DATA BLOCK

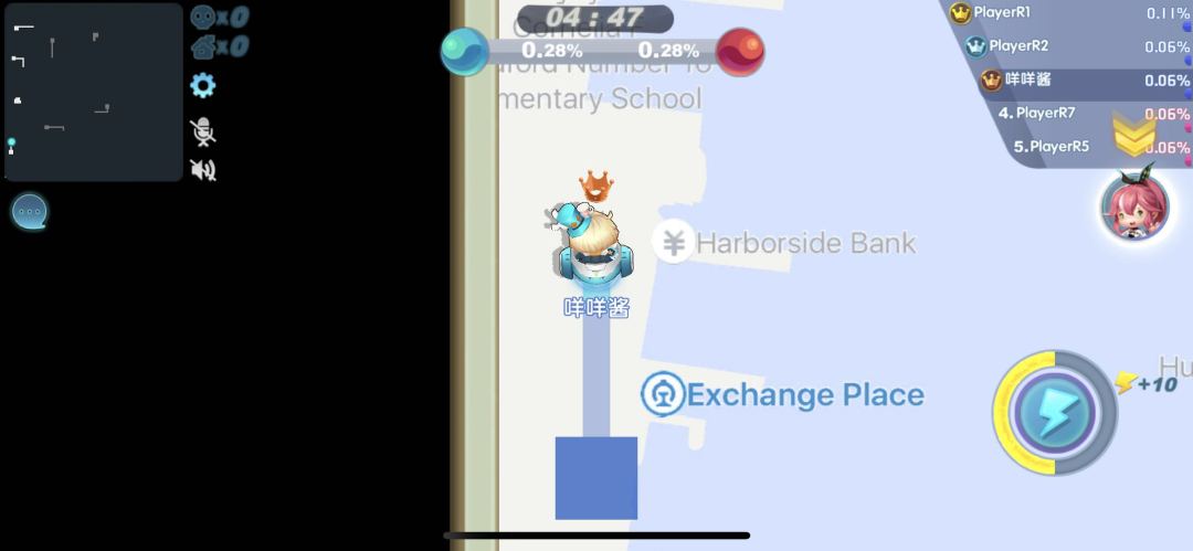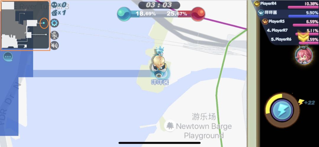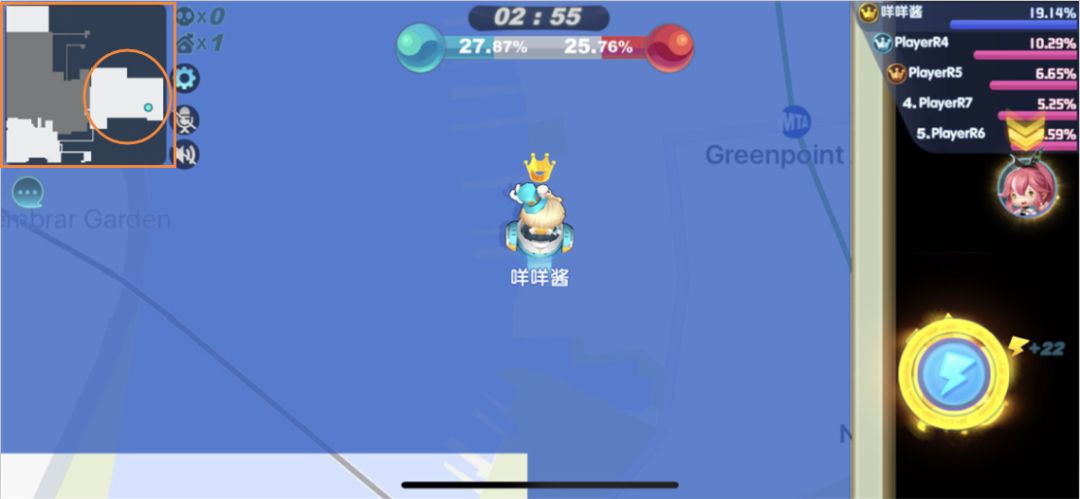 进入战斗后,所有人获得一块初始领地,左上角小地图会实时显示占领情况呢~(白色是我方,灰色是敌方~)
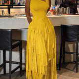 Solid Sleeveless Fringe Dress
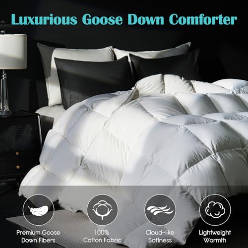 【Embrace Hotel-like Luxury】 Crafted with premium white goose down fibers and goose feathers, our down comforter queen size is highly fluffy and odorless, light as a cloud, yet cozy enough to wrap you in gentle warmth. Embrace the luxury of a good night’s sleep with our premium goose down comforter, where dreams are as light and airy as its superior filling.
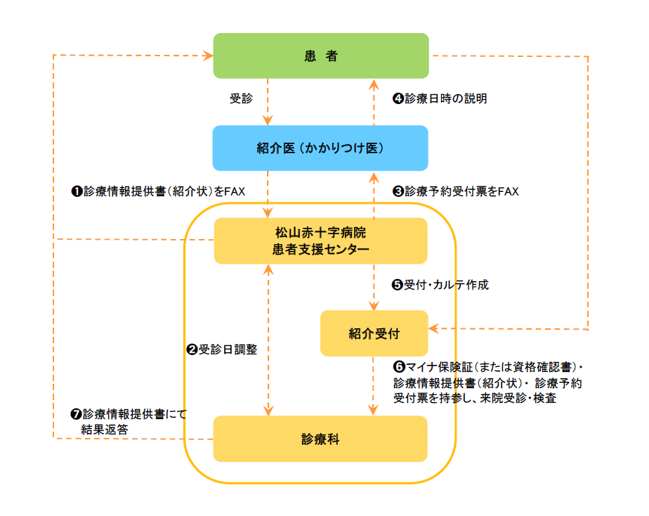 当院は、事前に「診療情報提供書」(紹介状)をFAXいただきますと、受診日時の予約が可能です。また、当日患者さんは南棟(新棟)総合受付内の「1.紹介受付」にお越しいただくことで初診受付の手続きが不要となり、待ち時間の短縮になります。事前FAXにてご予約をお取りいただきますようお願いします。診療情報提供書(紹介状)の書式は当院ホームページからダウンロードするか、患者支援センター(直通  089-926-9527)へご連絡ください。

WHAT THE TASK ASKS
The full text of the data above, exact and without pictures, is what to return.

COMPLETED TASK
 进入战斗后,所有人获得一块初始领地,左上角小地图会实时显示占领情况呢~(白色是我方,灰色是敌方~)
 Solid Sleeveless Fringe Dress
 【Embrace Hotel-like Luxury】 Crafted with premium white goose down fibers and goose feathers, our down comforter queen size is highly fluffy and odorless, light as a cloud, yet cozy enough to wrap you in gentle warmth. Embrace the luxury of a good night’s sleep with our premium goose down comforter, where dreams are as light and airy as its superior filling.
 当院は、事前に「診療情報提供書」(紹介状)をFAXいただきますと、受診日時の予約が可能です。また、当日患者さんは南棟(新棟)総合受付内の「1.紹介受付」にお越しいただくことで初診受付の手続きが不要となり、待ち時間の短縮になります。事前FAXにてご予約をお取りいただきますようお願いします。診療情報提供書(紹介状)の書式は当院ホームページからダウンロードするか、患者支援センター(直通  089-926-9527)へご連絡ください。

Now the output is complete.